Разумеется, их объективную обоснованность

следует отличать от субъективного познания объективной обоснованности, чтобы не думать, что их познаваемость возникает нависимо от опыта, поскольку они обоснованы нависимо от опыта. Строго разделяя quaestio facti и quaestio juris, мы скорее подчеркиваем: никакие познания не возникают нависимо от опыта, даже те, существование которых действительно нависимо от опыта. Соответственно, я могу разделить и отказ МЕССЕРА от метафизики. Но этот отказ ужесточается только трансцендентальным методом, а не contradictio in adj ecto неверующей веры. Мы не отрицаем «вещей вне мира». Но мы отрицаем метафизическую абсолютность в любой форме, будь то наивная или феноменалистическая, или трансценденцию в исходном метафизическом смысле, нависимо от того, как ее понимать – материалистически, спиритуалистически, теологически или как-то иначе. Мы отрицаем ее потому, что уже признаем в «запредельном» способ ее трансцендентальной обусловленности. Поэтому и деление мира на «сущность» и «видимость» мы признаем ошибочным. Поэтому противоположности «имманентность» и «трансцендентность» объединяются как логические функции, которые, хотя и различны, но не исключают друг друга, а обязательно лежат в самом понятии познания, в той общей объединяющей функции логоса, чер которую понимается, что трансцендентное субъекту, «объекты вне нас», имманентные сфере объектообразующих условий познания, лежат внутри самого познания.

«Мы думаем, место за местом, Мы внутри».

По сути, ГОЭТЭ, архетип «репрентативного мышления», сказал абсолютно решающее слово перед лицом всех догматических уплощений и угасаний, мысля себя «место за местом», но «внутри». Пусть «дурак», человек как бессмысленный и заблудший субъект, ищет бытие вне себя. В той мере, в какой человек познает, участвует в познании, он знает и то, что это «вечно порождает его». Но, конечно, это «вечно» следует отметить, если не хочешь низвести даже самого энергичного сторонника «объективного мышления» до субъективиста.

«Ничто не внутри, ничто не снаружи, Ибо что внутри, то и снаружи».

То, что это: «что внутри, то и вне» – не неопределенное «колебание» (как будто он не знал, что говорит), а четко и ясно достигнутая позиция, теперь, наконец, придется понять. Тогда станет понятно и то, что прозрение Канта, согласно которому условия, составляющие объекты, сами не могут снова стать объектами, должно восприниматься еще более серьно и последовательно, чем это делал сам Кант в отношении этого своего фундаментального прозрения. Одна из решающих заслуг Фихте состоит в том, что он не только надолго закрепил это понимание, но и помог ему найти адекватное языковое выражение, решившись назвать воплощение условий объективности «Я», именно для того, чтобы четко отличить его как воплощение условий объективности от объектов как таковых. Поначалу это могло ввести в заблуждение, так как предполагало отождествление «Я» с индивидом, субъектом как существующей вещью. Но как далек был Фихте от такого уравнения, сегодня знает каждый, кто не далек от духа Фихте. Тот, кто, например, и сегодня был бы настолько глуп, чтобы видеть в Фихте, самом яростном противнике как догматических спекуляций натурфилософии Шеллинга, так и всякого субъективизма, всякого теоретического и практического эгоизма, субъективиста или даже солипсиста, не имел бы права ожидать, что наука позволит себе определяться вниманием к нему и состраданием к нему, позволит этому фундаментальному пониманию атрофироваться даже в выражении.

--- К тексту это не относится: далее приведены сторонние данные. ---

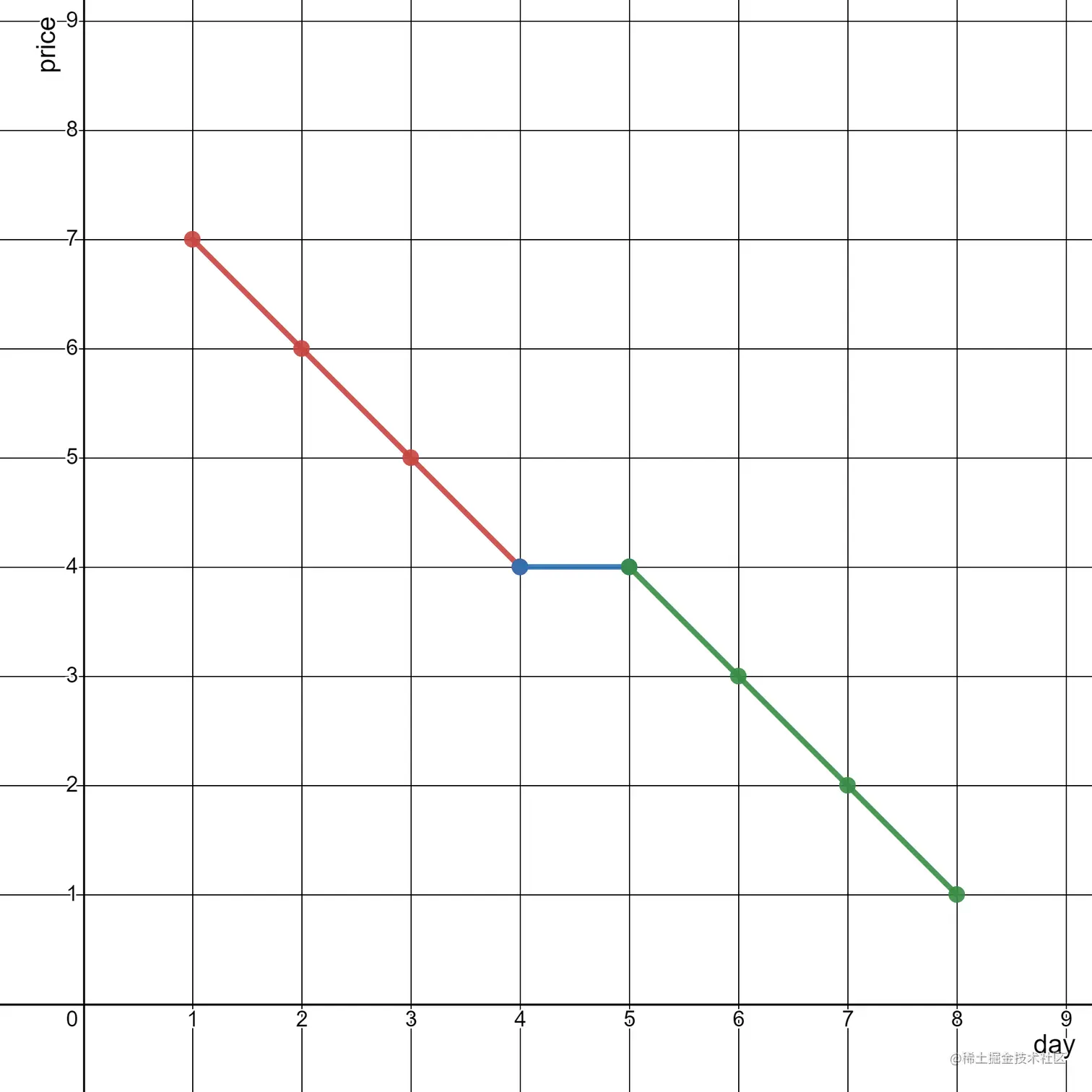 给你一个二维整数数组 stockPrices ,其中 stockPrices[i] = [dayi, pricei] 表示股票在 dayi 的价格为 pricei 。折线图 是一个二维平面上的若干个点组成的图,横坐标表示日期,纵坐标表示价格,折线图由相邻的点连接而成。比方说下图是一个例子:
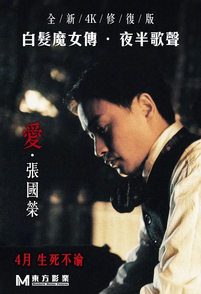 據(jù)報道,由張國榮主演、于仁泰執(zhí)導的《白發(fā)魔女傳》、《夜半歌聲》兩部電影作4K修復后,將在今年4月,重新搬上香港大銀幕,用以紀念主演張國榮逝世17周年。其中,張國榮、林青霞主演的《白發(fā)魔女傳》將于4月1日率先上映,張國榮、吳倩蓮主演的《夜半歌聲》會在4月8日上映。

Поскольку трансцендентальные условия объектов и объекты как таковые – это не два мира рядом или позади друг друга, поскольку ни один объект не является объектом, не будучи закономерно конституированным трансцендентальными условиями, и ни одно трансцендентальное условие не является трансцендентальным условием, не будучи конституированным объектом, МЕССЕР должен иметь возможность сослаться на мои предыдущие замечания по поводу того, что он говорит об общей закономерной обусловленности реальности, даже с учетом истории. Но это ни в коей мере не отменяет методологического различия между естественной и исторической наукой, провозглашенного Виндельбандом. Напротив, оно дает ему новую аргументацию. Однако следует обратить внимание и на различие между сближением в отношении частностей к всеобщности законности и расхождением частностей между собой (8), а также не упускать из виду различительную функцию ценностного отношения в истории.